I funzionari dell'Unione affermano che stanno intervenendo dopo che negli ultimi quattro anni sono state presentate oltre 600 denunce contro Amazon all'Health and Safety Executive .

Un portavoce ha detto: "Compresa quella che racconta come i lavoratori siano costretti ad usare bottiglie di plastica per urinare invece di andare in bagno, e le donne incinte costrette a stare in piedi per ore e prese di mira per il licenziamento”. Ai manifestanti si sono uniti alla protesta Jack Dromey, deputato laburista di Birmingham Erdington, e sei membri dell'Unione spagnola del CCOOO, che hanno colpito per le stesse pessime condizioni di lavoro.

Altri picchetti hanno già avuto luogo in Germania, Polonia e Stati Uniti questa settimana, in coincidenza con quello che l'azienda chiama Amazon Prime Day, quando ai clienti vengono offerti grandi sconti.

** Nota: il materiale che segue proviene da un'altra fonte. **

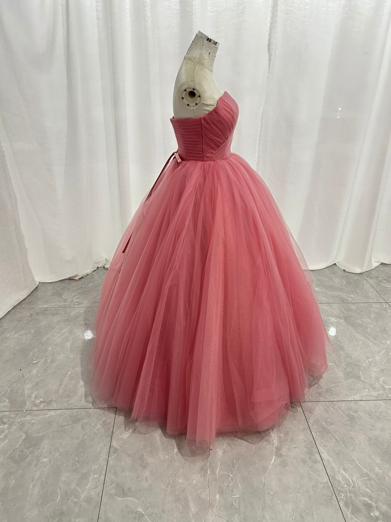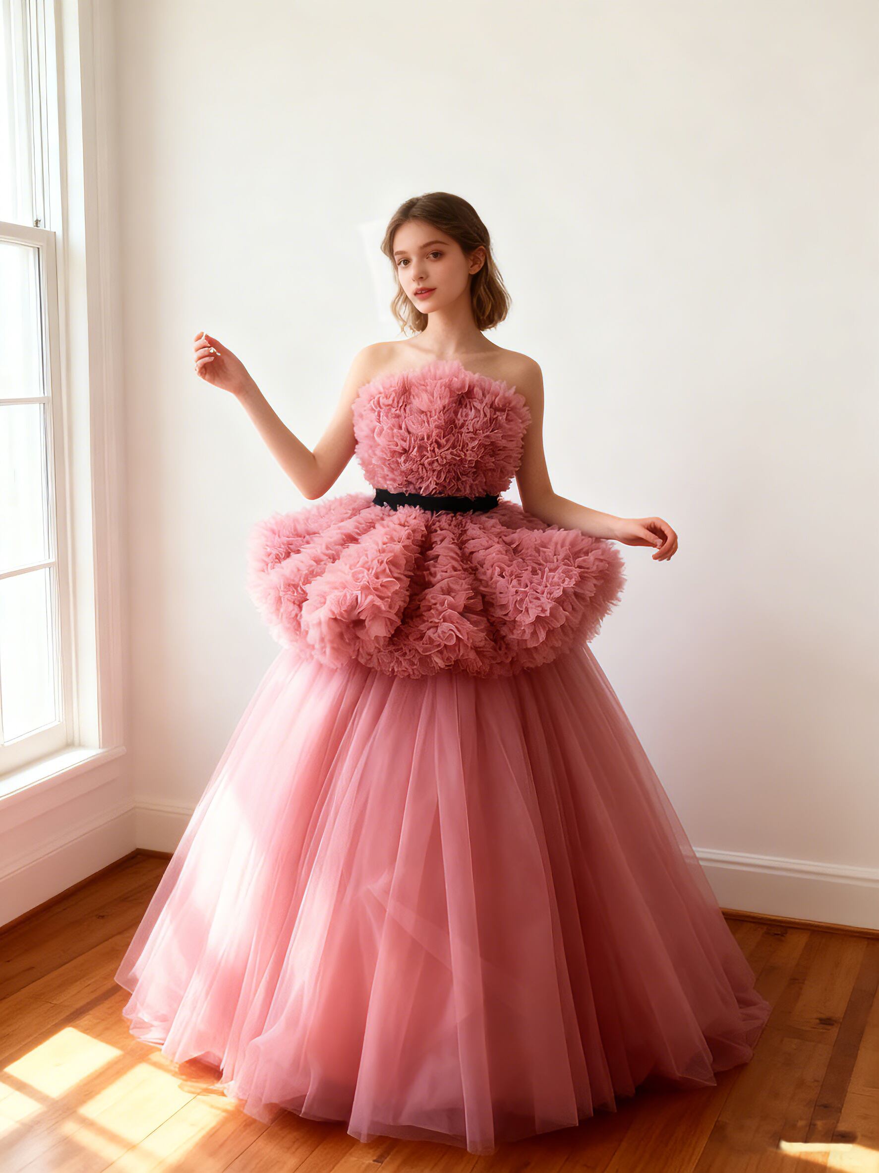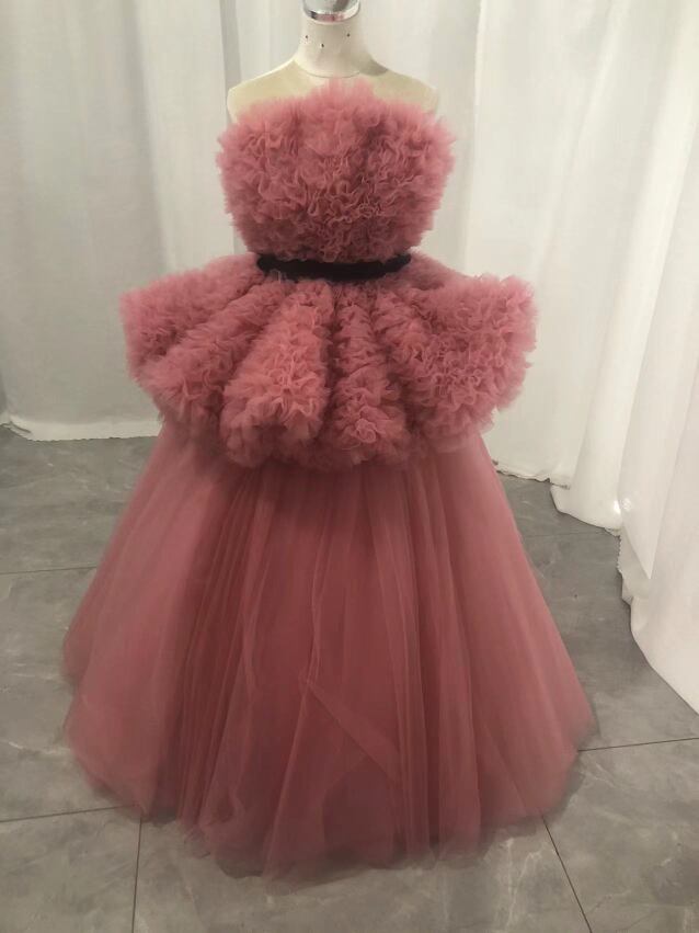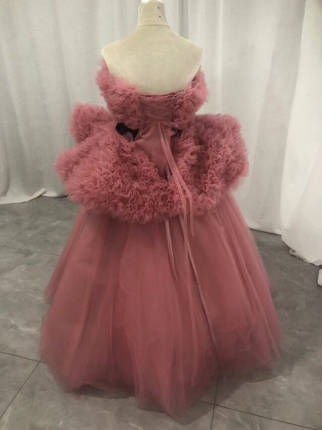 カラードレス ピンク ベアトップ 床付く 編み上げ ラッフルフリル フレアスカート ハンドドレープ 花嫁

Steve Garelick, organizzatore regionale della GMB, ha dichiarato che il sindacato è "desideroso di vedere un cambiamento radicale, lavorare con un sindacato porta benefici”. Ha aggiunto: "Fino a quando non vedremo un miglioramento della situazione dei lavoratori, continueremo a protestare".

Ma un portavoce di Amazon replica: "Questi gruppi stanno facendo credere che la disinformazione sia a loro favore, mentre in realtà offriamo già le cose che pretendono di essere la loro causa - stipendi leader del settore, benefit e un luogo di lavoro sicuro per i nostri dipendenti. Possiamo solo concludere che le persone che partecipano agli eventi non sono semplicemente informate.  Incoraggiamo tutti a prenotare un tour di uno dei nostri centri di realizzazione e a confrontare la nostra retribuzione complessiva, i benefici e l'ambiente di lavoro con altri rivenditori e i principali datori di lavoro in tutto il paese".